3. Publish or Perish
A researcher in academia is judged by their list of publications. Companies typically want to keep new ideas proprietary to obtain a competitive edge. You can see the potential for conflict. University researchers will want to, and should be able to, publish the research that is being funded—otherwise they won’t maintain their grants and possibly their positions. This issue should be addressed up front and guidelines provided to allow companies to apply for a patent before any inventions are revealed in publications or presentations. If a company doesn’t want anything published, they shouldn’t fund university research.

4. Know Your Client
University researchers focus on proving hypotheses and developing new theories—they typically don’t know much about the practical aspects of a potential corporate sponsor’s applications or their customers. Why should they care? Well, this presents a problem when looking for a common bond between industry and academia to justify a partnership. If you don’t know anything about dancing, don’t expect to be asked onto the dance floor too often.

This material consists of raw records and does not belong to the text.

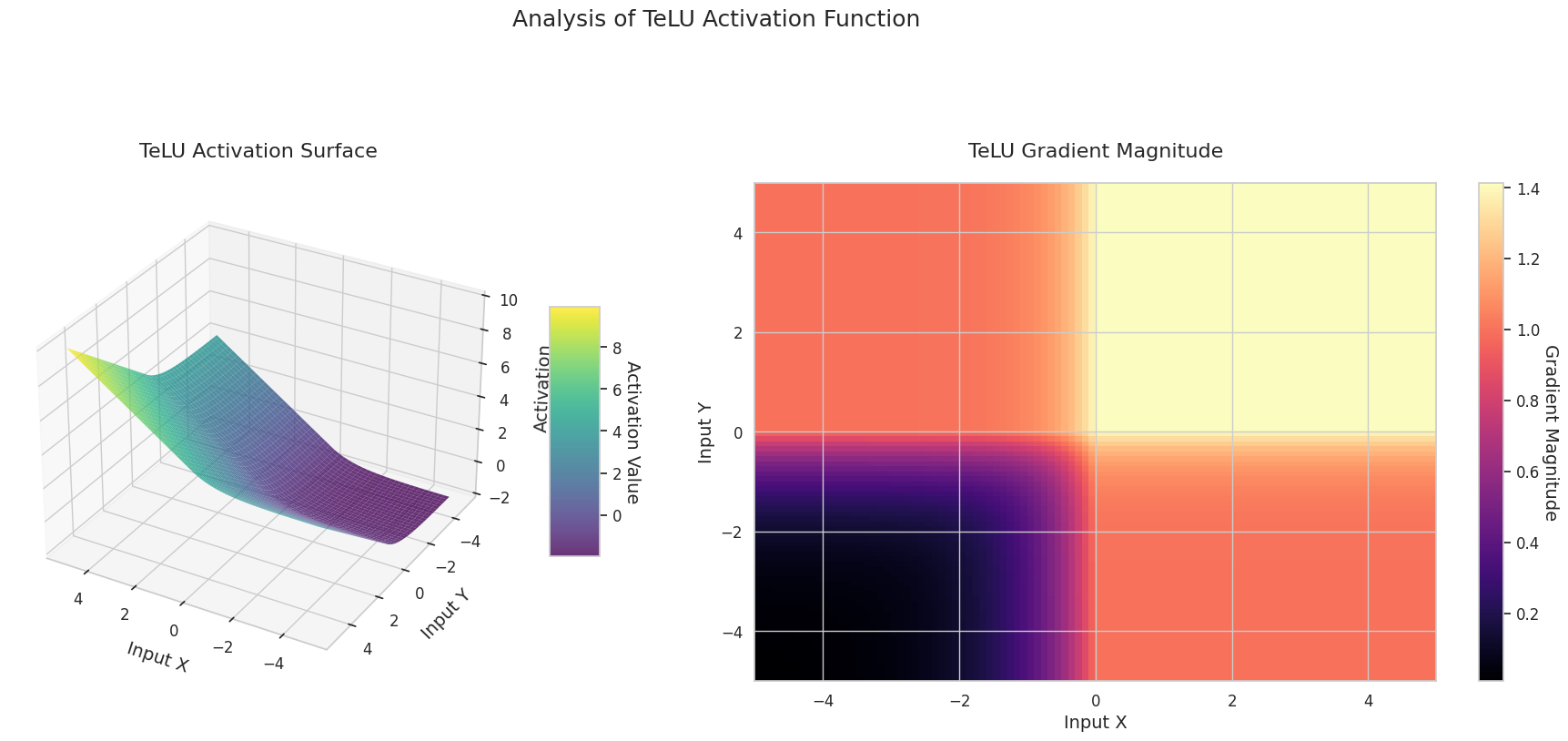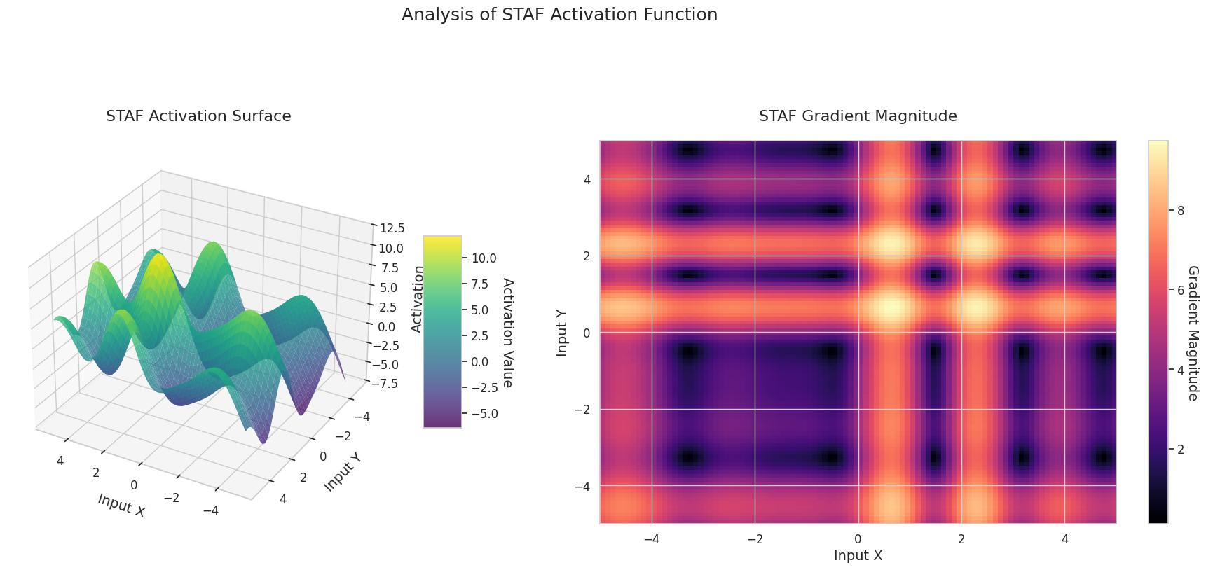 }STAF는 2025년 ICLR에서 소개된 최신 활성화 함수로 푸리에 급수 기반의 학습 가능한 매개변수를 사용합니다. ENN은 DCT를 활용하여 네트워크의 표현력을 향상시키는 방식을 채택했습니다. TeLU는 ELU의 확장된 형태로 alpha 매개변수를 학습 가능하게 만든 버전입니다.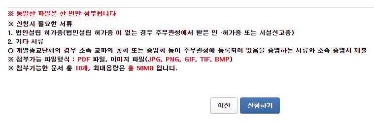 필요한 과정을 마쳤다면 다시 한 번 오류가 없는지 확인하고 신청하기 버튼을 누르면 일단 전자기부금영수증 발급권한 신청은 끝납니다.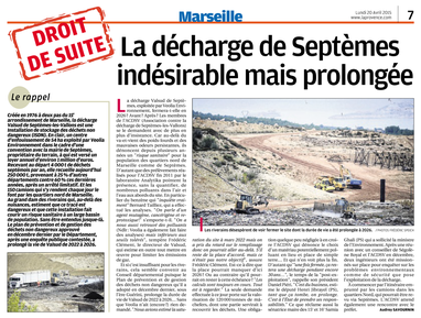 Créée en 1976 à deux pas du 15e arrondissement de Marseille, la décharge Valsud de Septèmes-les-Vallons est une Installation de stockage des déchets non dangereux (ISDND). En clair, un centre d’enfouissement de 54 ha exploité par Veolia Environnement dans le cadre d’une convention avec la mairie de Septèmes, propriétaire du terrain, à qui est versé un loyer annuel d’environ 1million d’euros.

The National Institute of Health is currently trying to promote a Translational Research initiative, defined as bringing results from the lone researcher into the clinic and to the patient, i.e., provide an application to basic research. This involves clinicians collaborating with basic scientists and each understanding the other’s world. A similar level of understanding is necessary between the academic researcher and the corporate sponsor. If the researcher doesn’t understand the application, their research is less likely to be of value to the sponsor because of the unlikeliness of it translating successfully.

Industry-types are often suspicious of the usefulness of academia to their business, and university researchers need to propose ideas that demonstrate an understanding of the issues facing the sponsor’s industry. University researchers looking to create partnerships with companies need to spend some time understanding problems that companies have with their technology and their customers’ needs—find the areas of opportunity where university research overlaps with industry need. This produces the highest likelihood of a company being interested in sponsoring research and and of that research ultimately being useful to the sponsor.

5. Ownership
The area of intellectual property is such a quagmire these days and such an important part of university-industry relations that I think I’ll give this topic its own post some time soon. Sorry.